ASP.NET OpenID/OAuth Login With ASP.NET 4.5 – Part 2

With ASP.NET 4.5 it is very easy to enable users to login to your site with their accounts from Facebook, Google, LinkedIn, Twitter, Yahoo, and Windows Live. In this 7 part series I’ll show you how for each of the identity providers.

Note: Out-of-the-box this only works with WebForms and MVC4. MVC3 is not supported by default.

Part 2: Logging in with Google

Enabling your site for users to login with Google is extremely easy. It just requires you to uncomment a single line of code. There is no need for registration with Google or setting up some share secret, as is the case with the other identity providers.

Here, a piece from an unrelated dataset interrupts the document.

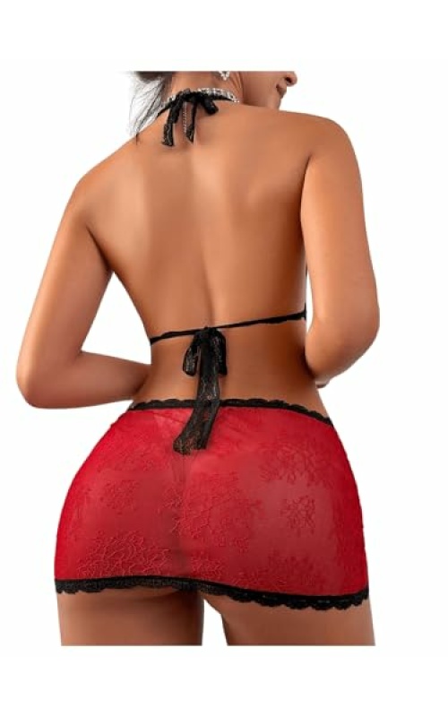 Generic Womens Plus Size Lingerie Set Exotic Lace Pajamas Mesh Strap Chemise Nightdress Honeymoon Bridal Nightgown

  1. Open Visual Studio (if you don’t have already).
  2. Open the project created in Part 1 (or quickly create a project in the same manner).
  3. Find the App_Start folder and open AuthConfig.cs.
  4. Register the identity provider:
    1. In MVC go to the bottom of the RegisterAuth method and uncomment the following line of code:
      OAuthWebSecurity.RegisterGoogleClient();
    2. In WebForms go to the bottom of the RegisterOpenAuth method and uncomment the following line of code:
      OpenAuth.AuthenticationClients.AddGoogle();
  5. Save the file.
  6. Run the project.
  7. Click the Log in link. You will notice Google has automatically been added under Use another service to log in.
  8. Clicking the Google button will send you to Google to log in, which will show a page like the one below. Notice that it is telling the user which application (gained from URL) wants you to log in with your Google account.
  9. On the next page the user gets to see which information the application will get, in this case only the email address (and in Dutch in my case). The user can also indicate if this permission should be remembered next time.
  10. After clicking the approval button, you’re sent back to the application, where you can create a registration for the Google account. Note: if you’re already logged in through the local database or another identity provider, you will be asked to add the Google account to your existing account.